Data is received in the background, which does not interfere with the page, and caching of data excludes additional requests by the same phone from other tabs and windows.

And if the data is obtained by Ajax?

If with parsing the page code at the stage of its loading it is more or less clear, what to do with phones that can be received dynamically via ajax or simply formed by client scripts?

In this case, we provided for the processing of new text data in a page based on the MutationObserver interface, which is supported by all modern browsers (with the exception of Safari 5 for Windows). To subscribe to events that occur when the DOM changes, we used the mutation-summary library. It allows you to easily and easily add added DOM nodes. To reduce the amount of processed data, we subscribe only to receive new text nodes and try to parse their contents.

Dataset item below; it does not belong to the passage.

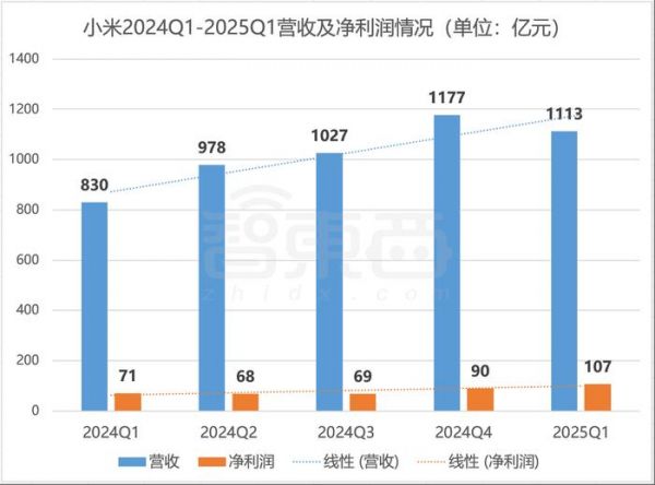 具体来看,小米一季度营收1113亿元,同比增长47.4%,净利润107亿元,同比增长64.5%。

It is interesting to observe the behavior of the extension when the phone is entered in the field with simultaneousdisplaying it in another text node :

Internationalization. We speak English

At the moment, the extension is released in Russian and English, the choice of language depends on the current browser locale and its settings. When translating, we were faced with the fact that from content and additional scripts, it is possible to reach the i18n component only through an asynchronous call to the background. This did not fit into the idea of an internationalization interface. Therefore, a small module was implemented, the tasks of which included:

definition of the current locale;
loading localization lists depending on the locale, either through a direct call to kango.io.getExtensionFileContents, or via asynchronous if the module was instantiated in content or in additional scripts;
providing a simple interface for receiving localization messages with simple string interpolation.

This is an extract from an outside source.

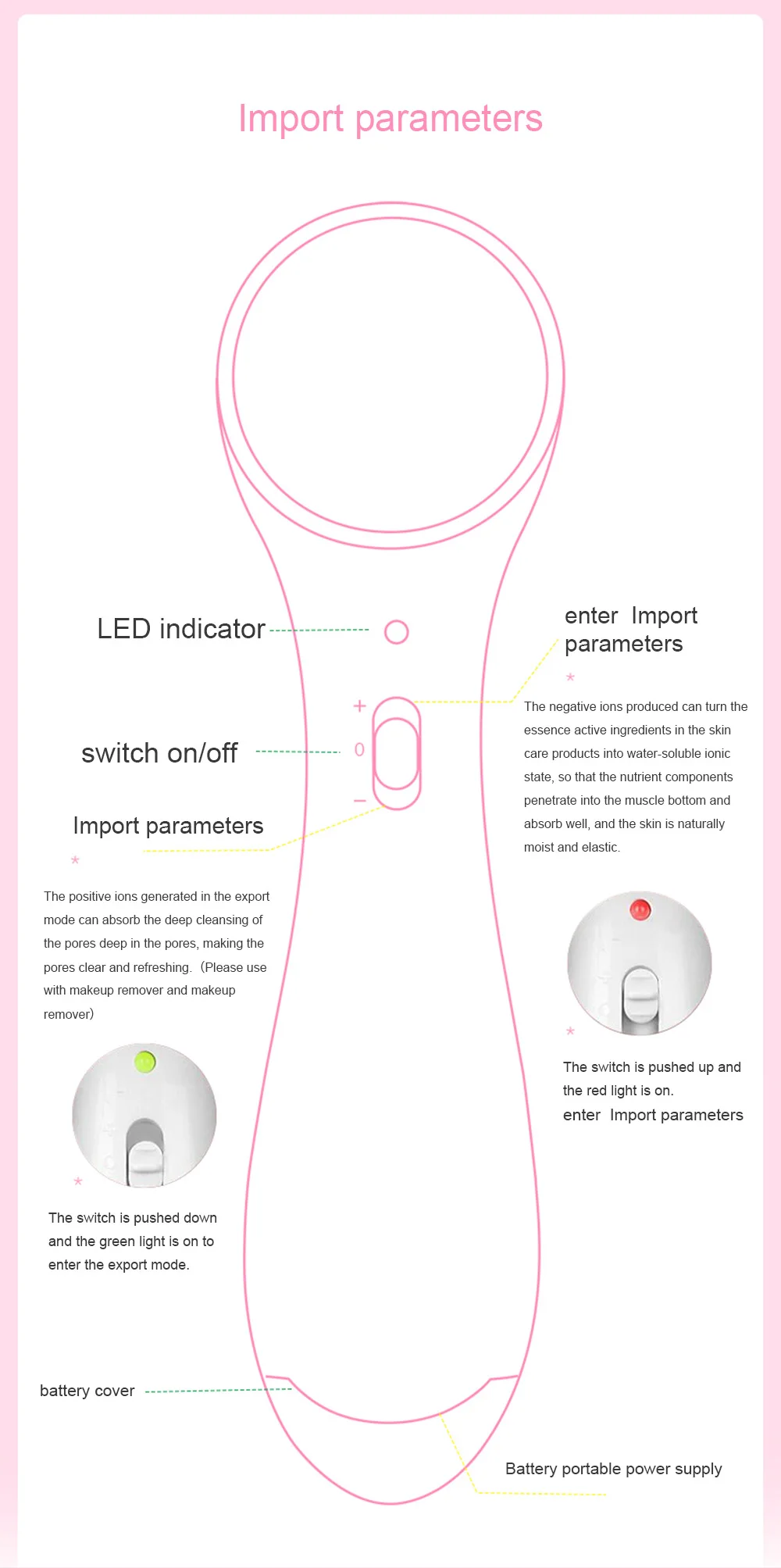 1. Нажмите выключатель питания до "+" положения, светодиодный свет становится красным, продукт начинает вибрацию, 2. Между тем, положительный ион комбинирует очищающее средство для лица может быстро очистить поры грязи, решить и высвобождать остатки метаболизма и улучшить Пигментация, очищение изнутри и снаружи, восстановление пор проникают и комфорт 3. Нажмите выключатель питания до "-" положения, светодиодный свет становится зеленым, продукт начинает вибрацию, между тем, отрицательный ион будет импортировать кожу Защита питания в слой кориума, ремонт сломанных волокон, помочь клеточным поглощать питательную эссенцию, наносить кожу непрерывной новой клеткой, а затем получить эффект красоты

Because of the potential asynchrony, it was necessary to provide the ability to initialize locales earlier than other objects, since their designers could contain calls to get localized texts. At the same time, we did not move away from the locale format accepted in kango, since in addition to kango.i18n, locale files are partially used in building extension packages.

Package assembly

As for the assembly itself, the framework provides an easy way to build the extension using the python-based builder. To build, just call the kango.py script with the build parameter and the directory where the extension files are located. After that, the collector will create the necessary unpacked assemblies and even pack those related to Chrome and Firefox. Unfortunately, due to the complicated mechanism of signing extensions, the out-of-the-box builder is not able to package the package for Safari. You can get by building the extension through the Safari extension builder by going through the entire certification process at the Safari developer center. And you can use the patched xar archiver and your certificates to be able to collect the extension automatically and on any * nix-system.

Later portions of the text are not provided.